BEGIN EXERCISE INPUT

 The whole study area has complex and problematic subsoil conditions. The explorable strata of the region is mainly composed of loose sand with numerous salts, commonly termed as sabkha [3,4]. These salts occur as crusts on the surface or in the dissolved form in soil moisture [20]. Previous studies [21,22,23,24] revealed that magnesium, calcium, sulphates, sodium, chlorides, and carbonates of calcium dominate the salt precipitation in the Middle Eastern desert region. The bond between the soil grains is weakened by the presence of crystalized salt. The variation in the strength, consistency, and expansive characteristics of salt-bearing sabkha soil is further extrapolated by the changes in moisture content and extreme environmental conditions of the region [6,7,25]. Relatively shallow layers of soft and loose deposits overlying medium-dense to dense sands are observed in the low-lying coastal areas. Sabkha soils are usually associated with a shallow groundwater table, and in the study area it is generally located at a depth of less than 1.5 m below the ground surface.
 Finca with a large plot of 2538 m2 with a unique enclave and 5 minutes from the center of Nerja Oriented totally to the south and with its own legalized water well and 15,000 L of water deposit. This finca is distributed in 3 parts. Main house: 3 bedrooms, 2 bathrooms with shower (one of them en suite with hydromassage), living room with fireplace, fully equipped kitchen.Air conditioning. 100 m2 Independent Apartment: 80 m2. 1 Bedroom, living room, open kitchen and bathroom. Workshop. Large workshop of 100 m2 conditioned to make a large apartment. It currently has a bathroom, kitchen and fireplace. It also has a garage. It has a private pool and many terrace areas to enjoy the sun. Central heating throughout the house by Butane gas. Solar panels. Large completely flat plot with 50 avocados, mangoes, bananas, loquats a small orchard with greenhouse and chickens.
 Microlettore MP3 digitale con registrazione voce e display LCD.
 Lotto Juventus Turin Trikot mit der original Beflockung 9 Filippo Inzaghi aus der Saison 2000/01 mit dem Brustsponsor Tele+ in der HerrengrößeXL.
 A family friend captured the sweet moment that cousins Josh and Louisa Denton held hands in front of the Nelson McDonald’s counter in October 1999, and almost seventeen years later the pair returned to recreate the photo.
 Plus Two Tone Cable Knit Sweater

END EXERCISE INPUT

▶ [PROBLEM TO WORK ON]:
Give the listing again in full, with every line intact.

▶ [ANSWER AREA]:
 The whole study area has complex and problematic subsoil conditions. The explorable strata of the region is mainly composed of loose sand with numerous salts, commonly termed as sabkha [3,4]. These salts occur as crusts on the surface or in the dissolved form in soil moisture [20]. Previous studies [21,22,23,24] revealed that magnesium, calcium, sulphates, sodium, chlorides, and carbonates of calcium dominate the salt precipitation in the Middle Eastern desert region. The bond between the soil grains is weakened by the presence of crystalized salt. The variation in the strength, consistency, and expansive characteristics of salt-bearing sabkha soil is further extrapolated by the changes in moisture content and extreme environmental conditions of the region [6,7,25]. Relatively shallow layers of soft and loose deposits overlying medium-dense to dense sands are observed in the low-lying coastal areas. Sabkha soils are usually associated with a shallow groundwater table, and in the study area it is generally located at a depth of less than 1.5 m below the ground surface.
 Finca with a large plot of 2538 m2 with a unique enclave and 5 minutes from the center of Nerja Oriented totally to the south and with its own legalized water well and 15,000 L of water deposit. This finca is distributed in 3 parts. Main house: 3 bedrooms, 2 bathrooms with shower (one of them en suite with hydromassage), living room with fireplace, fully equipped kitchen.Air conditioning. 100 m2 Independent Apartment: 80 m2. 1 Bedroom, living room, open kitchen and bathroom. Workshop. Large workshop of 100 m2 conditioned to make a large apartment. It currently has a bathroom, kitchen and fireplace. It also has a garage. It has a private pool and many terrace areas to enjoy the sun. Central heating throughout the house by Butane gas. Solar panels. Large completely flat plot with 50 avocados, mangoes, bananas, loquats a small orchard with greenhouse and chickens.
 Microlettore MP3 digitale con registrazione voce e display LCD.
 Lotto Juventus Turin Trikot mit der original Beflockung 9 Filippo Inzaghi aus der Saison 2000/01 mit dem Brustsponsor Tele+ in der HerrengrößeXL.
 A family friend captured the sweet moment that cousins Josh and Louisa Denton held hands in front of the Nelson McDonald’s counter in October 1999, and almost seventeen years later the pair returned to recreate the photo.
 Plus Two Tone Cable Knit Sweater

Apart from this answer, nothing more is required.